As Ryan explained (except in this specific case), an AGR award covers multiple trains, and if the award is for a sleeper and one train des not carry sleepers (like KAL-CHI), you *BOTH* are entitled to BC (if offered) - at no extra cost/points!





So why not use something that's free? If the tickets are $30 each, I would rather use that $60 for something else - like maybe a night out!



Also with an AGR award, it doesn't matter if they cost $20 each or $50 each - they're still included free!


----------



## TrainLoverJoy (Aug 10, 2012)

I'm with you (and your boyfriend).....I hate talking on the phone also and will be happy when we can book roomettes with our points online. I'm also "with you" in that I'm from kalamazoo too!


----------



## SarahZ (Aug 10, 2012)

I didn't know the AGR points would cover the second segment of the trip (on a non-blackout date). Michigan is considered a "Special Route", so I didn't think the reward would cover the zone segment AND the special route segment since they're separated on AGR.

Anyway, I'll keep that in mind for future trips. This is the first time I've booked a roomette with points. Thanks. 
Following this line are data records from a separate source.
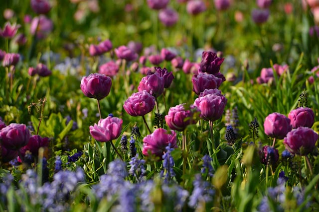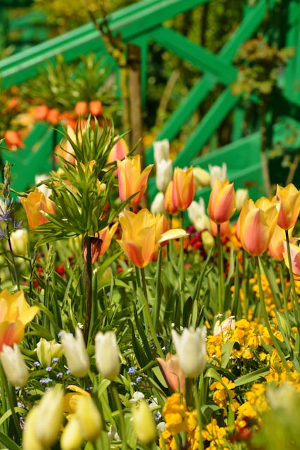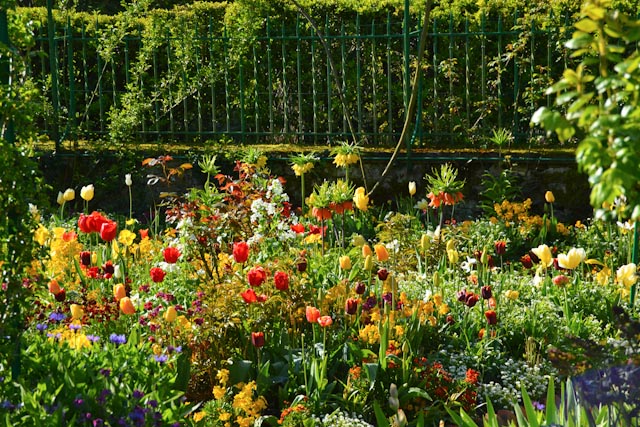 Au printemps, le spectacle du jardin de Monet à Giverny a la fraîcheur du renouveau et l’ardeur de l’été à venir. Les couleurs les plus intenses côtoient des pastels d’une infinie délicatesse. Les jardiniers y osent les associations de couleurs les plus audacieuses sans fausse note. A croire que l’âme du peintre jardinier « maître es impressionnisme » flotte toujours sur ces parterres.
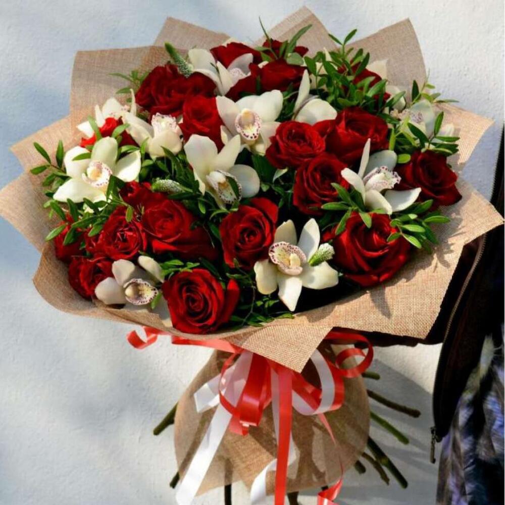 Роза красная 50 см – 19 шт.Орхидея ветка – 1 шт.Фисташка – 5 шт.крафтовая бумага – 1 шт.
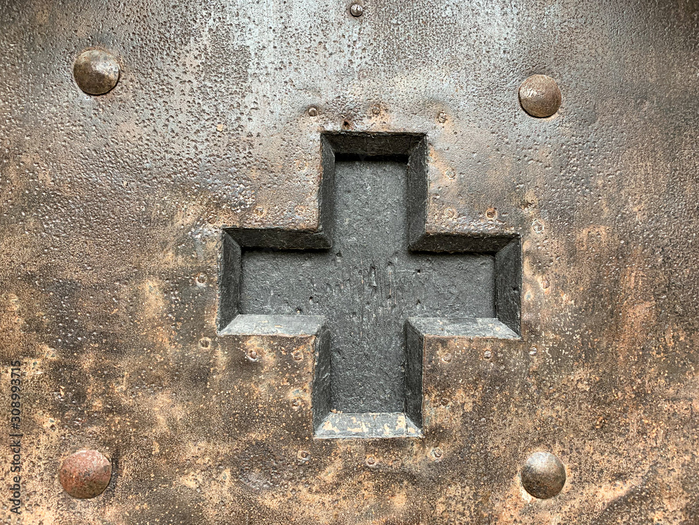 Cutted out black cross in an iron door with rivets, nails and screws. Old metal fitting from the Middle Ages, weathered, oxidized and preserved. Rusty and rough metal surface.
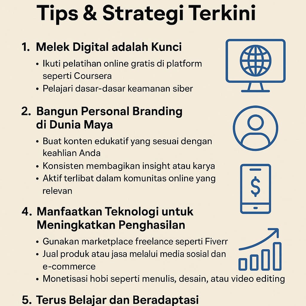 Mengembangkan hidup di era digital bukan tentang siapa yang paling canggih teknologinya, tapi siapa yang paling siap beradaptasi dan paling bijak memanfaatkan peluang. Dengan tips dan strategi terkini di atas, Anda bisa menjadi pribadi yang cerdas, produktif, dan unggul di era serba digital ini.
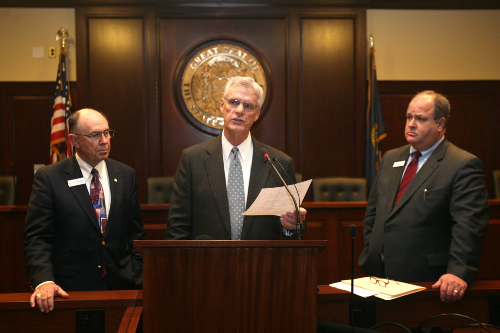 Idaho State senate leadership, Chuck Winder, left, Brent Hill, center, and Bart Davis announce the resignation of Sen. John McGee during a press conference earlier today at the Idaho Statehouse in Boise, Idaho. Faced with sexual harassment allegations, Republican Sen. John McGee was given two choices: Quit or go before a state Senate ethics panel. The 38-year-old four-term lawmaker opted to resign on Wednesday, capping a political free-fall that began last year with a Father’s Day drunken driving and car theft arrest. Roundup of stories about resignation here. (AP Photo/The Idaho Statesman, Chris Butler)
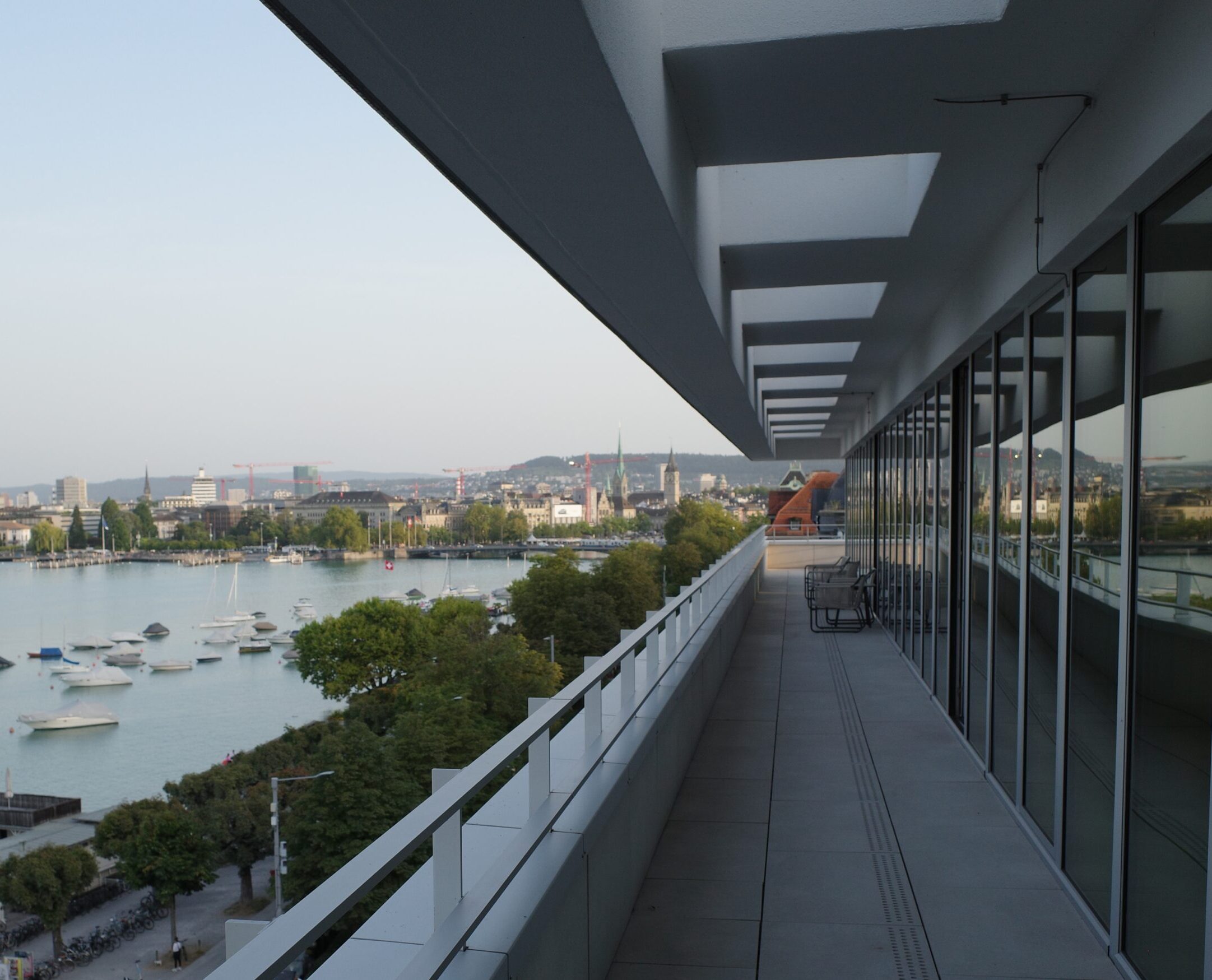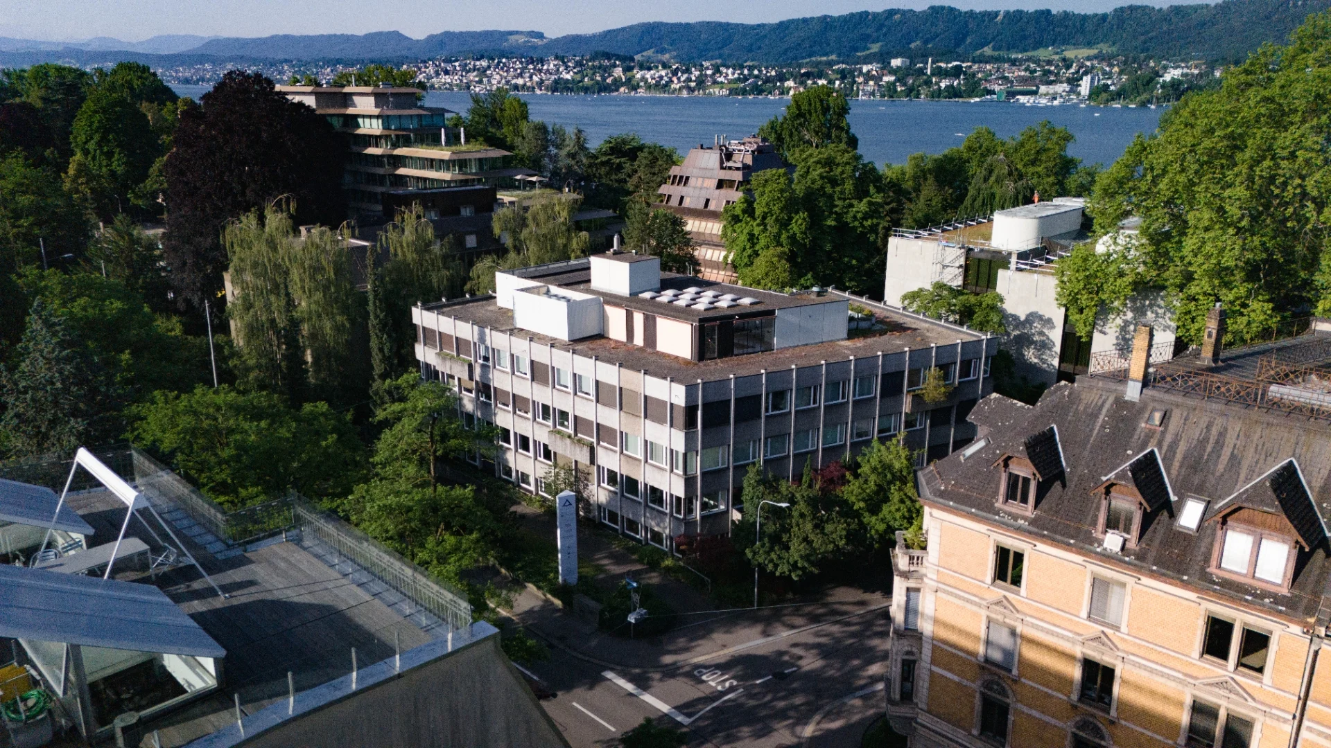 The building offers bright, well-structured workspaces, easy access, and a rooftop terrace for moments of pause—an ideal place for focused work in the heart of Seefeld.
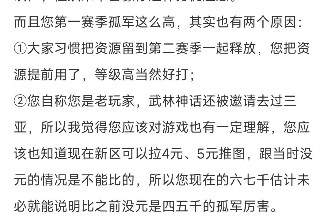 你就非常主观的认为7000的孤军一定是提前用了资源换来的,这就是我说的老区玩家的片面的地方,根本不那么了解新区的真实情况。现在相同的氪度,能获得的资源比以前多很多。
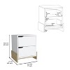 Here's the Haines Nightstand with 2-Drawers - the perfect addition to any bedroom! This stylish nightstand comes in various finishes, including white, white/macadamia, and black, making it easy to find the perfect match for your bedroom decor.
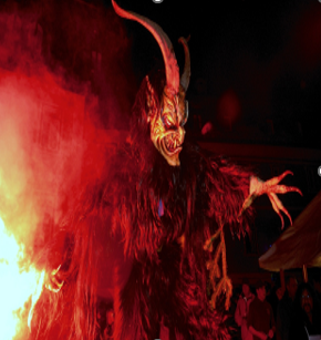 AUSTRIA (BEWARE OF KRAMPUS!)- In Austria, St. Nicholas has a scary sidekick named Karmapus- a furry, horned creature said to punish naughty children. Each December, locals dress up in frightening costumes for "Krampus Runs," stomping through the streets in a spooky yet festive parade.
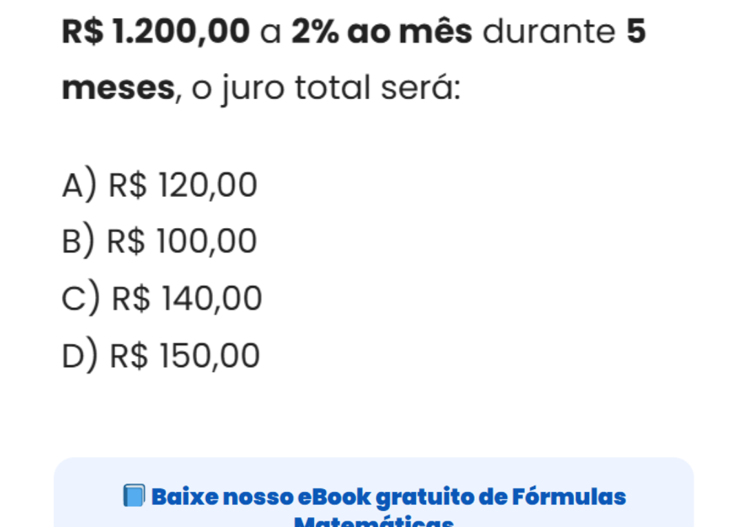 Continue lendoJuros Simples: cálculo do juro total Questões de juros simples aparecem com frequência em provas e no dia a dia
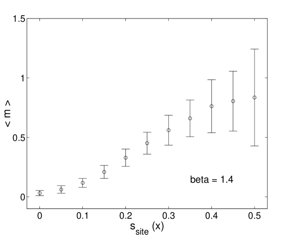 Apart from obvious changes in the scale of the action density, generically the same dependence occurs for in the deconfinement phase. For instance, the range of the distribution of the local action values varies with . In contrast to this, there are practically no lattice points with topological density , irrespective of . A physically relevant feature in Fig. 6 is the increase of the average local density of monopole currents at small action density or topological density . For somewhat larger values of and , respectively, the mean local monopole density seems to reach a plateau of one monopole current on the average. The increase of the error bars with or reflects the insufficient statistics of lattice points with larger action or topological density.
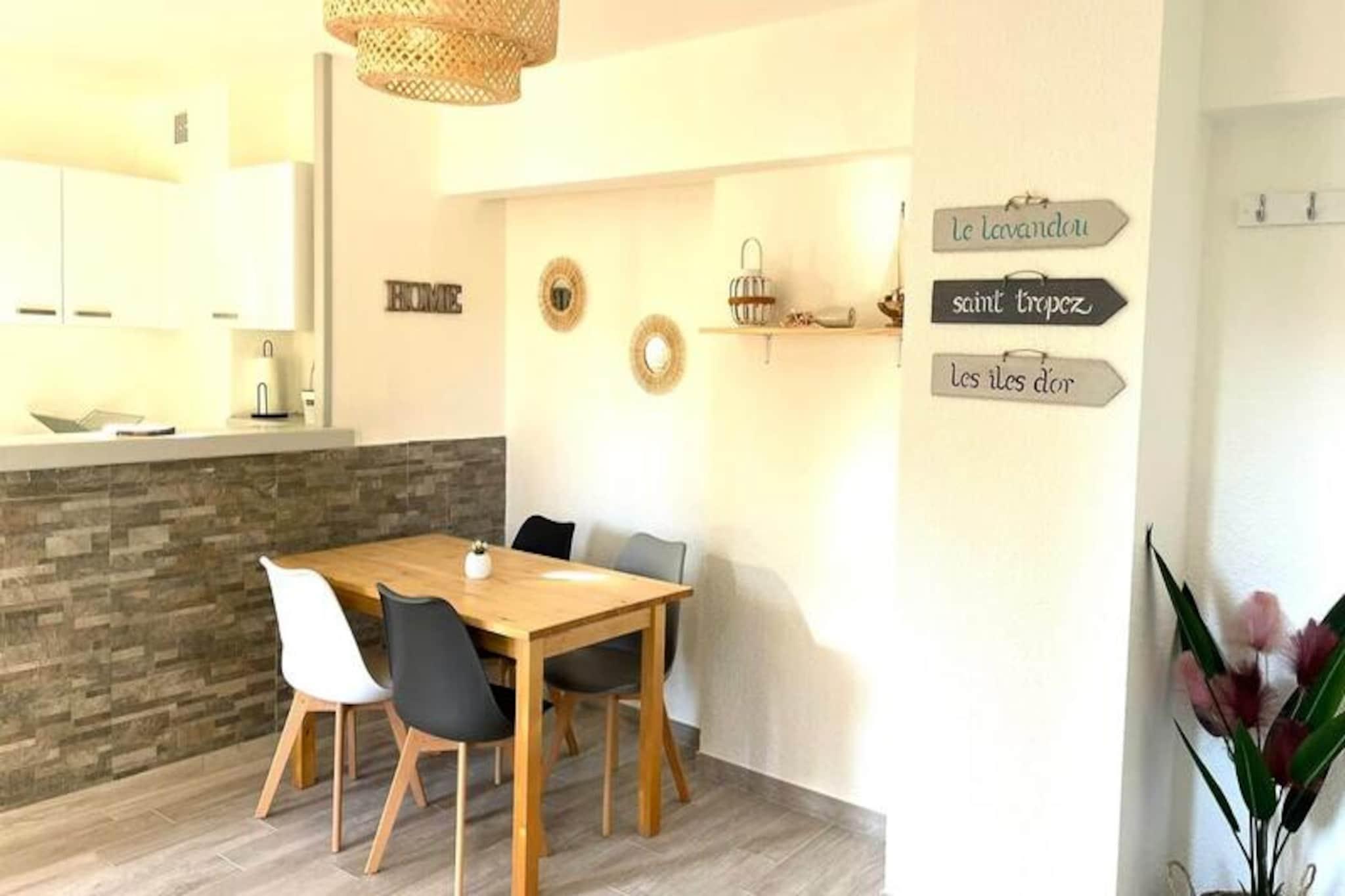 Denne lejlighed på 47 m² vil være det ideelle sted til din ferie. 500 m fra Saint-Clair-stranden med 1 parkeringsplads og aircondition! Lejligheden, smagfuldt renoveret og indrettet, har 2 små terrasser, hvor man kan nyde solen hele dagen lang. 2 soveværelser med dobbeltsenge (140 cm) Badeværelse med bruser og vaskemaskine Fuldt udstyret køkken Lagener og håndklæder er inkluderet. Sengelinned, håndklæder (1 stort pr. person), viskestykker og bademåtter er inkluderet og klargjort. Vi tilbyder også et par ruller toiletpapir ved ankomst, men ikke for hele opholdet. Strandhåndklæder er ikke inkluderet. Saint-Clair-distriktet, der ligger ca. 1,5 km fra Le Lavandou, huser stranden af ??samme navn. Saint-Clair er mindre end den nærliggende Plage du Lavandou og tilbyder en betagende udsigt over de Gyldne Øer (Port Cros og Le Levant). Den er mere hemmelighedsfuld, og dens beliggenhed giver dig mulighed for at nyde solen fra daggry. Med øgenavnet "Perlen" byder den på et landskab, der er tropiske lande værdigt. Med sit fine hvide sand og de omkringliggende bjerge er denne strand, der ligger ved foden af ??fyrreskove, lige så god som postkortene fra et fjerntliggende land. Saint-Clair, der regelmæssigt nævnes som en af ??de smukkeste strande i Frankrig, kan også prale af adskillige butikker (hoteller, restauranter, købmandsforretninger osv.), som alle er inden for gåafstand. Depositum (i euro) - 500
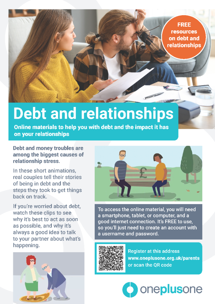 OnePlusOne is a relationship-based research and evidence charity that produces accessible online support tools for parents. They are offering free online materials to help you with debt and the impact it has on your relationships.
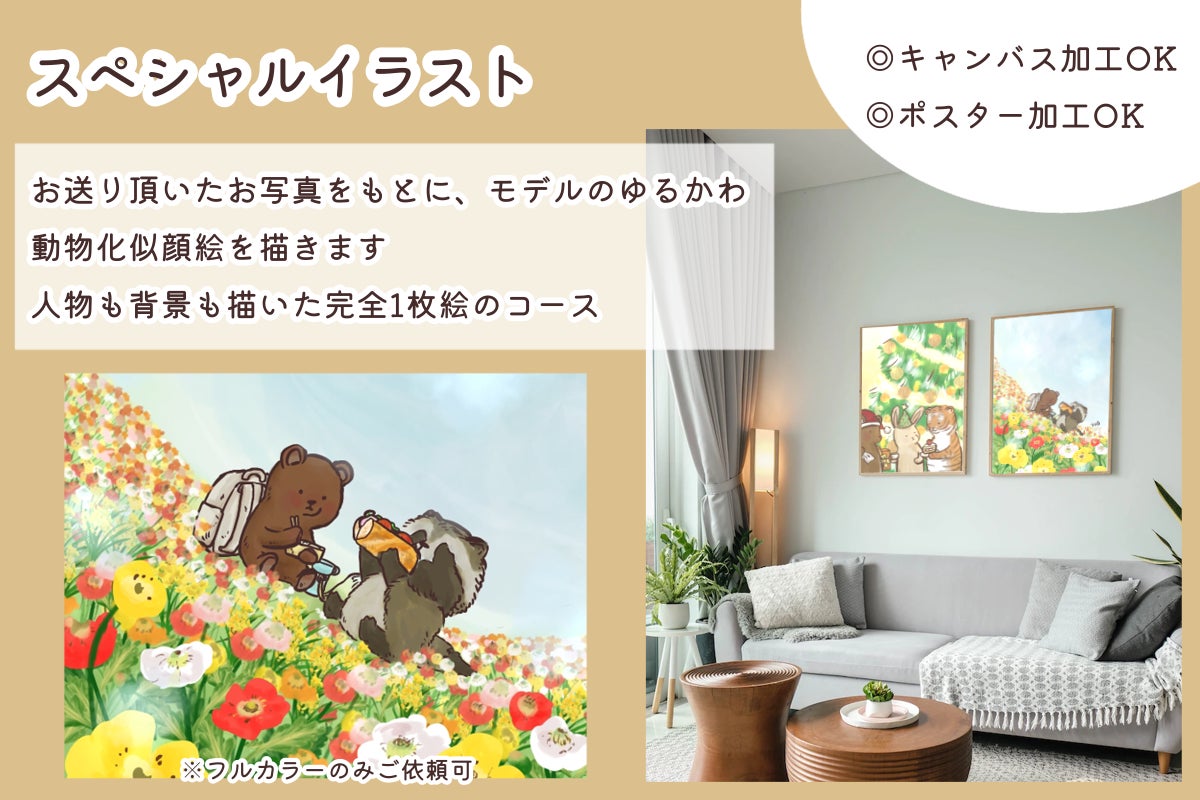 お写真をお送りいただくと、人物をゆるかわ動物化したイラストを描きます!データ納品に追加し、F4サイズのキャンバスや、A2サイズのポスターでのお届けも可能です。存在感のあるインテリアや特別な記念日のプレゼントにオススメです!
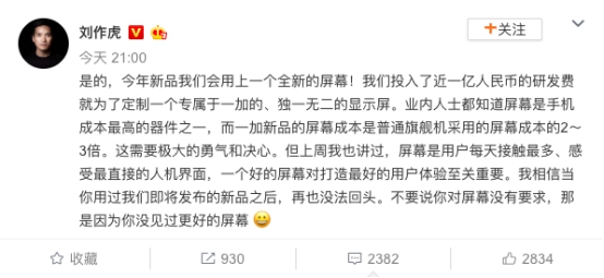 屏幕对于一款手机产品至关重要,刘作虎表示:“我们投入了近一亿人民币的研发费就为了定制一个专属于一加的、独一无二的显示屏。业内人士都知道屏幕是手机成本最高的器件之一,而一加新品的屏幕成本是普通旗舰机采用的屏幕的成本2-3倍。”
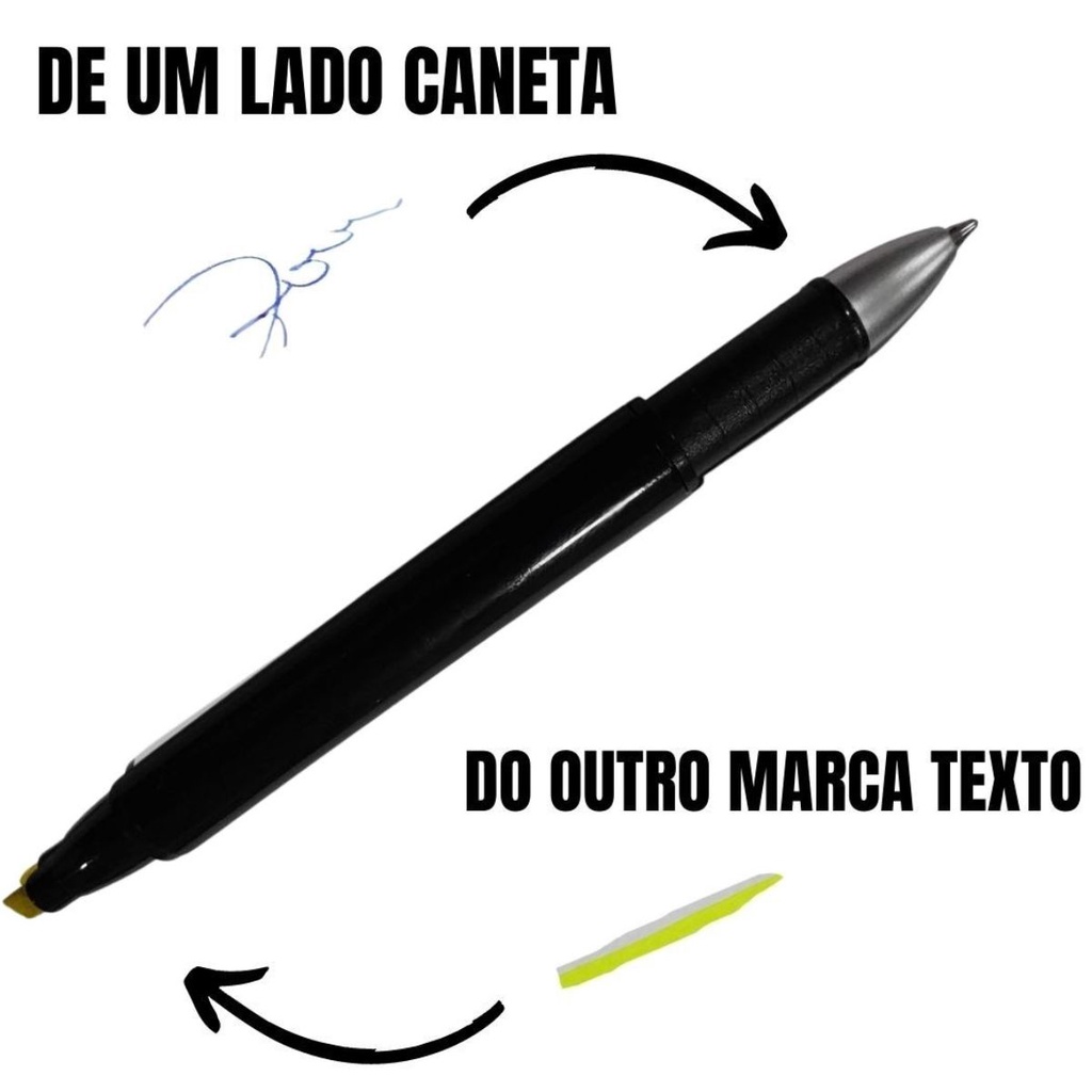 Caneta Plastica Esferografica Com Marca Texto Preta - M3000PR-10UN Caneta plástica esferográfica e marca texto, inteira colorida com detalhes preto. Características: • Caneta Preta • Cor da Tinta: Azul • Clip de metal, possui tampa de ambos lados. • Indiferente de cor, todos marca textos são amarelos e a tinta da caneta é azul. • Ótima para brindes Itens Inclusos: 01 Kit com 10 Canetas Dupla Marca Texto E Esferografica Preta - M3000PR-10UN "Compra Garantida" - Ao Comprar conosco a sua compra é 100% garantida, o seu dinheiro está seguro até a entrega.

Edited to add: I guess I can call AGR right now. We leave KAL on a non-blackout date, so our trip from KAL to CHI should be covered along with our trip from CHI to ABQ. On the way back from CHI, though, we'll have to buy a regular ticket since it's a blackout date.


----------



## the_traveler (Aug 10, 2012)

As an example, PDX-SEA and BON-POR are both "Special Routes" - yet you can book a 3 zone sleeper award PDX-POR using the Cascades, EB, LSL and Downeaster. And you also get BC on both the Cascades and Downeaster!


----------



## Ryan (Aug 10, 2012)

Sorcha said:


> I didn't know the AGR points would cover the second segment of the trip (on a non-blackout date). Michigan is considered a "Special Route", so I didn't think the reward would cover the zone segment AND the special route segment since they're separated on AGR.
> 
> Anyway, I'll keep that in mind for future trips. This is the first time I've booked a roomette with points. Thanks.
> 
> Edited to add: I guess I can call AGR right now. We leave KAL on a non-blackout date, so our trip from KAL to CHI should be covered along with our trip from CHI to ABQ. On the way back from CHI, though, we'll have to buy a regular ticket since it's a blackout date.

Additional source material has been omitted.